[drupal-devel] [feature] Advanced search features

matt_paz drupal-devel at drupal.org
Fri Aug 5 21:57:48 UTC 2005


Issue status update for 
http://drupal.org/node/28159
Post a follow up: 
http://drupal.org/project/comments/add/28159

 Project:      Drupal
 Version:      cvs
 Component:    search.module
 Category:     feature requests
 Priority:     normal
 Assigned to:  Steven
 Reported by:  Steven
 Updated by:   matt_paz
 Status:       patch (code needs review)

I have the code running at http://connect.educause.edu


"100% of the site has been indexed."
Minimum word length to index: 4


Nonetheless, I'm getting mixed results.


If I search for 'Hawkins' I get no results ... even though I know (I
think) it should be indexing the word hawkins from the body of this
content ...
http://connect.educause.edu/blog/mpasiewicz/317


Any ideas?




matt_paz



Previous comments:
------------------------------------------------------------------------

Thu, 04 Aug 2005 00:46:49 +0000 : Steven

Attachment: http://drupal.org/files/issues/search_2.patch (37.05 KB)
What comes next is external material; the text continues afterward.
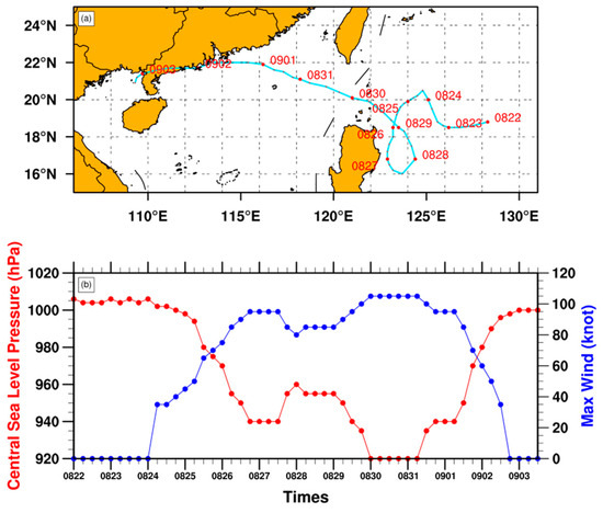 According to the Japan Meteorological Agency (JMA) record (Figure 2), Saola formed as a tropical depression over the western North Pacific on 22 August 2023. In the following five days, it moved westwards slowly and cycled around over the seas east of Luzon (Figure 2a). Its intensity increased rapidly during this period, with a maximum wind (MW) of 95 knots and a central sea level pressure (CSLP) of 940 hPa at 1800 UTC on 26 August (Figure 2b). It then continued to move westwards and entered the South China Sea. On August 30, it intensified to a super typhoon, with an MW of 105 knots and a CSLP of 920 hPa. Afterward, it gradually approached the coast of Guangdong and made landfall on September 2. Because of the frictional consumption, it weakened continuously and disappeared at 1200 UTC on 3 September in the sea around Guangdong.

Here's my promised search patch. It's not 100% commit ready yet, but
it's time to sollicit some feedback and get this tested ;). Note that
this patch requires a db update, which will wipe the search index. You
will then need to call cron.php enough times for the site to be indexed
completely again. This could take a while for large databases, but you
can control the throttle and see the progress at admin/settings/search.


*Features*



* AND keyword matching by default ('all of the words'), instead of OR
('any of the words').
* OR support through keyword1 OR keyword2 OR ...
* Phrase searching through "quoted strings".
* Negative matching through -"minus prefix" -word.
* Restrict search by taxonomy or node type(s) using taxonomy:1,2 and
type:blog,page.

The options are built-into the keyword string through a google like
syntax, but there is an expandable "advanced settings" form below the
search box which acts as a 'query builder':

This example will result in the following search string (of course not
a practical example):
test type:forum,story category:1 "tinky winky" OR "dipsy" -"uh oh"
"teletubby bye bye"


On a different note, I removed the wildcard matching. An important
reason is that there were significant performance problems with leading
wildcards. Such queries were not be able to use any indices, and the
resulting full-table scan took a long time. Even Google does not have
intra-word wildcards, theirs can only be used as placeholders for
entire words in phrases.


Trailing wildcards on the other hand are usually used to accomodate
grammatical variations on a word. But, wildcards are not really the
best tool for this as this puts a burden on the user. If you need this
feature, you should instead tie in an algorithm like the Porter Stemmer
through the search_preprocess hook.
That way you can reduce related words to a single common root (e.g.
"walker" "walking" "walked" to "walk"). The search system will then
index and search on the reduced words. You will even benefit from a
reduced database size because there are less unique words.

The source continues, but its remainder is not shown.